Probability_Threshold = 65 # between 1 and 99%
estimation_data_percent = 80
validation_data_percent = 10
random_sampling = 0
CART_cp = 0.005
min_segment = 100
The resulting classification tree is below:
As we can see from the graph, there are 8 different ending points- of these only 3 would lead the movie to be in the top 250. To have a feeling of whether the classification makes sense we look at two example decisions.
Example decision to classify as a 0: one decision for example looks at whether Factor 2 < 1.1. Factor 2 corresponded to the number of likes and review of the movies. As typically movies with high reviews on IMDB and a lot of likes tend to be popular a low score on this factor indicates which pretty high probability
Example decision to classify as a 1: one decision for example looks at whether Factor 2 > 1.1, Factor 3 > 0.88 and Factor 6>1.8.So essentially if the film has top actors and has a high budget then it is likely to be a top 250 which is intuitive.
We then run a logistic regression to have an alternative classification of the movies
formula_log = paste(colnames(estimation_data[, dependent_variable, drop = F]),
paste(Reduce(paste, sapply(head(independent_variables, -1), function(i) paste(colnames(estimation_data)[i],
"+", sep = ""))), colnames(estimation_data)[tail(independent_variables,
1)], sep = ""), sep = "~")
logreg_solution <- glm(formula_log, family = binomial(link = "logit"), data = estimation_data)

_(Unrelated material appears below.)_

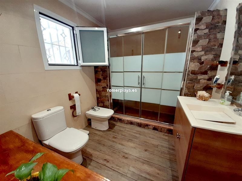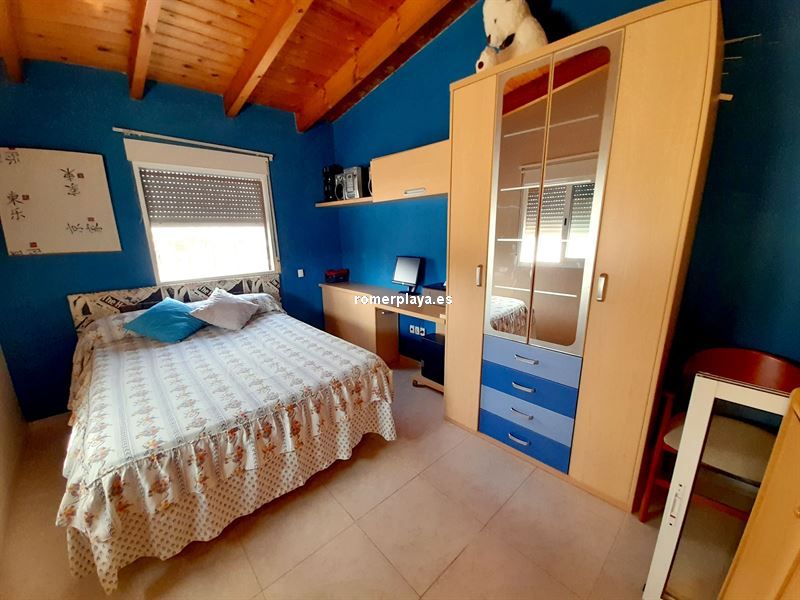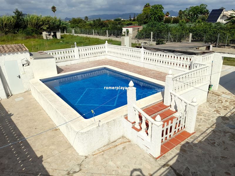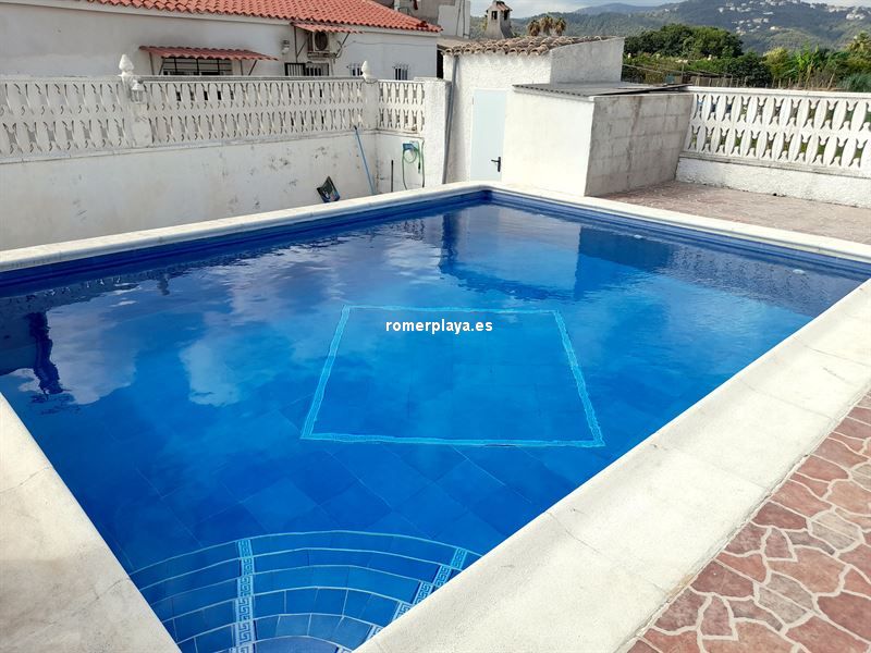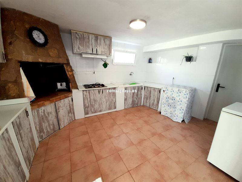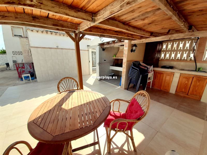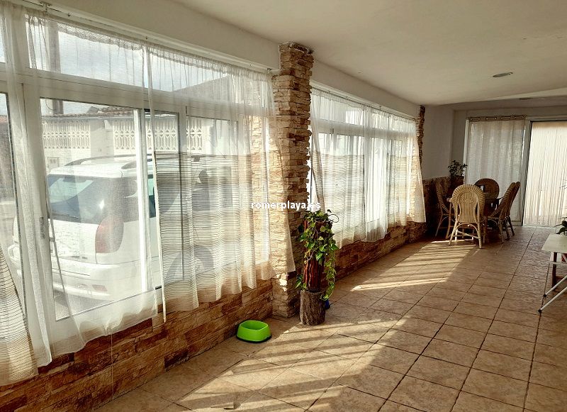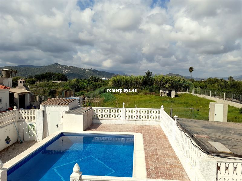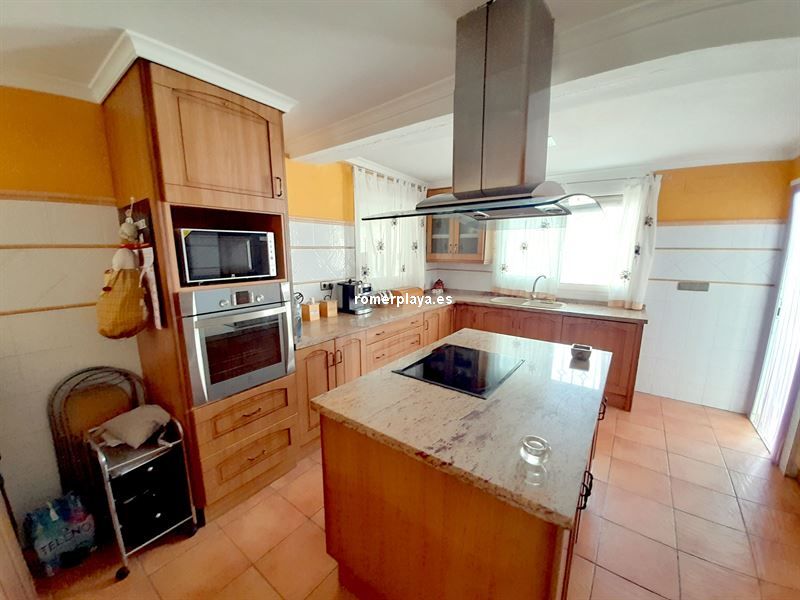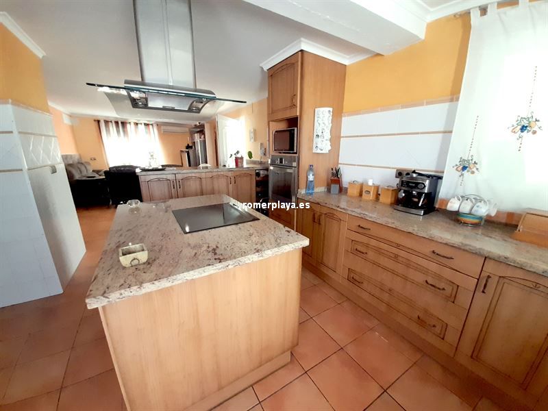 Chalet de dos plantas con 382 m2 de la casa y 2400 m2 de parcela. Planta baja: A la casa acedemos por terraza acristalada con ventanas climalit, a la izquierda puerta al salón comedor con cocina abierta con isla y barra. En la misma planta encontramos un dormitorio y un baño completo con plato de ducha, cocina de verano con puerta al patio interior con piscina con amplias vistas a la montaña. Piscina de 6x5 metros. Baño exterior. En la planta primera hay tres dormitorios, un baño con plato de ducha y salida a la terraza. En la parcela hay una zona de huerto, barbacoa con pérgola de madera, cochera y patio para aparcar varias coches. Casa construida con aislamiento térmico.Ventanas climalit. Todas habitaciones con aire accondicionado F/C. Luz de red, agua de aguja de profundidad. Distancia al mar 1 km.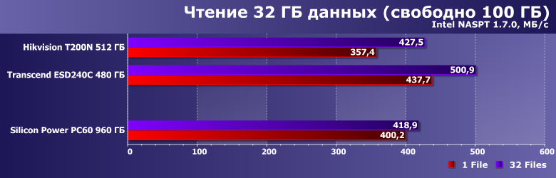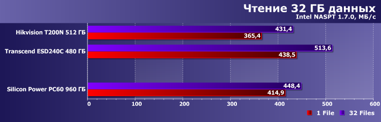 Аналогично предыдущему случаю — только еще ярче выражено. И, если вспомнить результаты других протестированных накопителей, то можно прийти к выводу, что даже разница в типах памяти иногда не так страшна, как прочие особенности конфигурации — например, Intel SSD 660p 512 ГБ «переделанным» во внешнее исполнение с подобными сценариями справлялся быстрее. Несмотря на QLC-память — а не TLC, как в данном случае. С другой стороны, жесткие диски не быстрее. Да и кроме таких «неудобных» случаев в жизни внешних SSD встречается много куда более удобных. Почему на такое поведение бюджетных моделей можно и не обращать внимание. Но забывать о нем тоже не стоит.

log_coefficients = round(summary(logreg_solution)$coefficients, 1)
iprint.df(log_coefficients)
Estimate | Std. Error | z value | Pr(>|z|) | |
---|---|---|---|---|
(Intercept) | -4.1 | 0.2 | -23.8 | 0.0 |
DV..Factor..1 | -0.3 | 0.1 | -2.1 | 0.0 |
DV..Factor..2 | 1.0 | 0.1 | 12.4 | 0.0 |
DV..Factor..3 | 0.8 | 0.1 | 8.8 | 0.0 |
DV..Factor..4 | 0.3 | 0.1 | 3.2 | 0.0 |
DV..Factor..5 | 0.3 | 0.1 | 5.0 | 0.0 |
DV..Factor..6 | -0.2 | 0.1 | -3.1 | 0.0 |
DV..Factor..7 | 0.0 | 0.2 | 0.1 | 0.9 |
From the logistic regression we can determine what the most significant factors are and whether some of the factors are not significant: in our case it seems that factor 7 is not statistically significant. This is in lines with expectations as factor 7 is the number of faces in the movie poster that we did not expect to have significant impact.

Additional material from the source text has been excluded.